At Least He Went: The Short Missionary Career of John Chau

post date: November 24, 2018


"It takes no size to criticize."
That's a line I first heard from one of my seminary professors many years ago. Somehow it came floating back to my mind when I heard the news about John Chau, the young man who died in an abortive attempt to reach a reclusive tribe on an isolated island in the Indian Ocean.
He was only 26 years old.
You can read the details in an article called Fear and Faith published in the Washington Post on November 22.  He obviously had a heart for the Great Commission and the kind of adventurous spirit that causes young people to take chances that make the rest of us shake our heads.
Why did he pick that island?
Why did he go by himself?
How did he expect to communicate with them?
Here's the question that lingers in my mind: Why did he go back? On an earlier trip to that forbidden island, a teenager shot at him with his bow and arrow, striking him in his Bible. What a picture that is! An aspiring missionary, on his way to preach the gospel, shot at by the very people he is trying to reach, and saved when the arrow hits his Bible.
I'm not sure what I would do at that point. It's fruitless for me to go very far down that imaginary road because I am exactly 40 years older than John Chau. I can't picture myself doing what he did in the first place.
That's not exactly the point, or maybe it is.
It's not just that he went.
It's that he went back after they shot at him.
He wrote this in his journal near the end of his life:
 
“I think I could be more useful alive . . . but to you, God, I give all the glory of whatever happens,” Chau wrote. He asked God to forgive “any of the people on this island who try to kill me, and especially if they succeed.”

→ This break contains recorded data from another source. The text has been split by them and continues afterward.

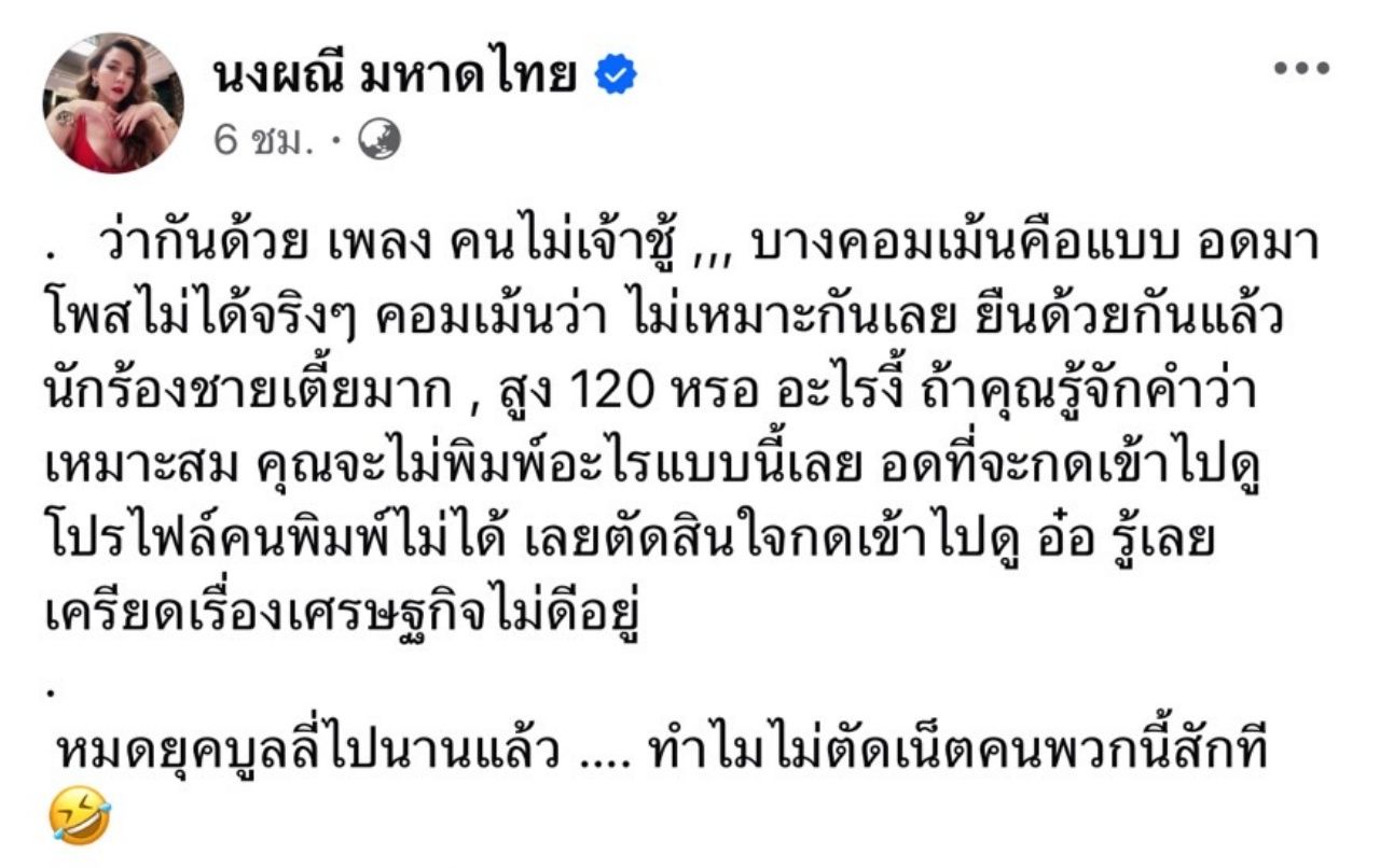 "ว่ากันด้วย เพลง คนไม่เจ้าชู้ ,,, บางคอมเมนต์คือแบบ อดมาโพสต์ไม่ได้จริงๆ คอมเมนต์ว่า ไม่เหมาะกันเลย ยืนด้วยกันแล้วนักร้องชายเตี้ยมาก , สูง 120 หรือ อะไรงี้ ถ้าคุณรู้จักคำว่าเหมาะสม คุณจะไม่พิมพ์อะไรแบบนี้เลย อดที่จะกดเข้าไปดูโปรไฟล์คนพิมพ์ไม่ได้ เลยตัดสินใจกดเข้าไปดู อ๋อ รู้เลย เครียดเรื่องเศรษฐกิจไม่ดีอยู่ หมดยุคบูลลี่ไปนานแล้ว …. ทำไมไม่ตัดเน็ตคนพวกนี้สักที"
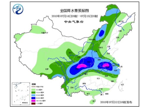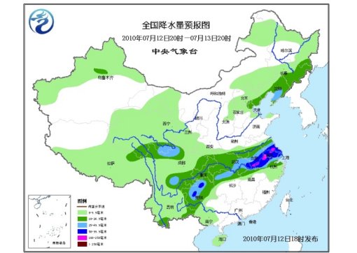 中新網(wǎng)7月12日電 據(jù)中央氣象臺網(wǎng)站消息,未來三天,青藏高原東部及其以東大部地區(qū)有一次明顯降水天氣過程,其中,黃淮西部、江漢、江淮、江南北部、四川盆地等地有大到暴雨,部分地區(qū)有大暴雨;青海東南部、內(nèi)蒙古中東部、黑龍江西北部、吉林東部、山西西南部、陜西大部、甘肅南部和東部、貴州大部、西藏東南部、云南西部和南部等地的部分地區(qū)有大雨,局地有暴雨;上述部分地區(qū)并伴有短時雷雨大風或冰雹等強對流天氣。
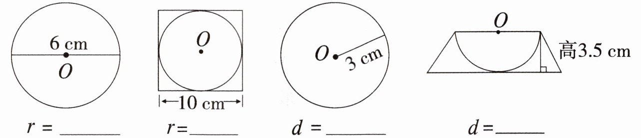 2. 用圆规画出下面的圆,并用字母 $ O $、$ r $、$ d $ 分别表示出圆心、半径和直径。
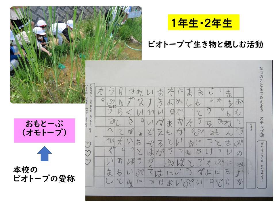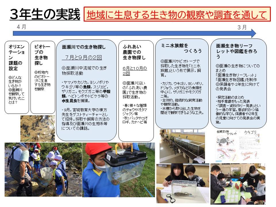 児童は、生き物を通して、地域の自然に深く関わる。ビオトープや面瀬川、地域の農園等で生き物を探したり捕まえたりして、それらを継続的に飼育・観察していく。この一連の活動を通して、多様な生き物の命と出会い、地域の自然の豊かさを感じ取るとともに、その自然環境を保全していこうとする意識を持つ。
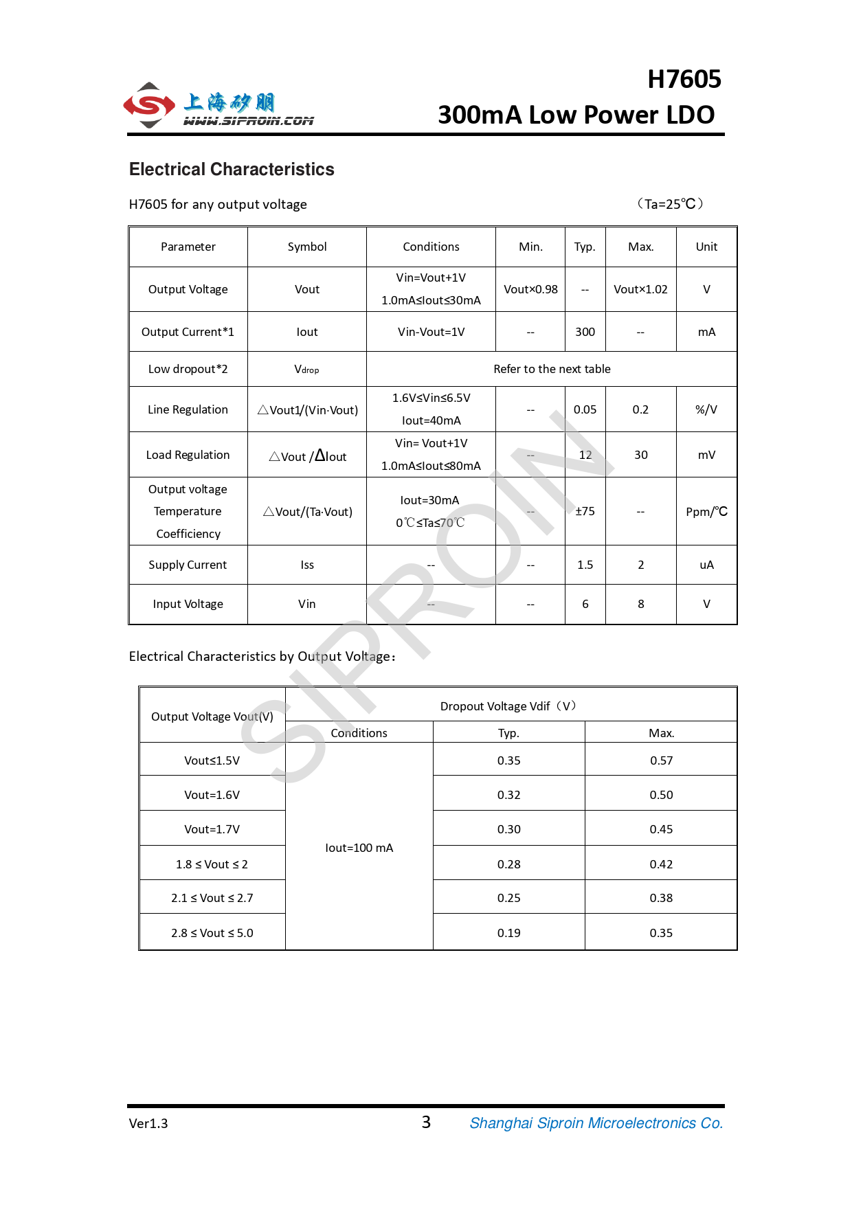 H7605. 300mA Low Power LDO. Electrical Characteristics

So now a bright, capable young man with a heart for God lies buried in the sand of North Sentinel Island. It is so easy to say, "He shouldn't have gone" or "I would have done it some other way" or "He was a fool."


It is instructive to glance through the 3000 comments on the Washington Post article. Most are harshly negative and highly critical, not just of this young man, but of the whole Christian missionary enterprise.
The death of John Chau reminds us that the world will never understand why we do what we do, that living by faith is risky business, and that there is a high cost to the Great Commission.
I suspect if we could talk to John Chau, he would say he had no regrets. He did want he did because he wanted to bring Jesus to people who did not know him. Before you jump to conclusions about this young man, ask yourself what you are doing and how far you are willing to go to bring Christ to the world.
That's an uncomfortable topic, which is why it's easier to criticize than to look in the mirror.
At least he went.
Argue about his methods if you wish.
Say that you wouldn't do what he did.
Call it foolishness if you will.
But as another missionary reminded us, "He is no fool who gives what he cannot keep to gain what he cannot lose."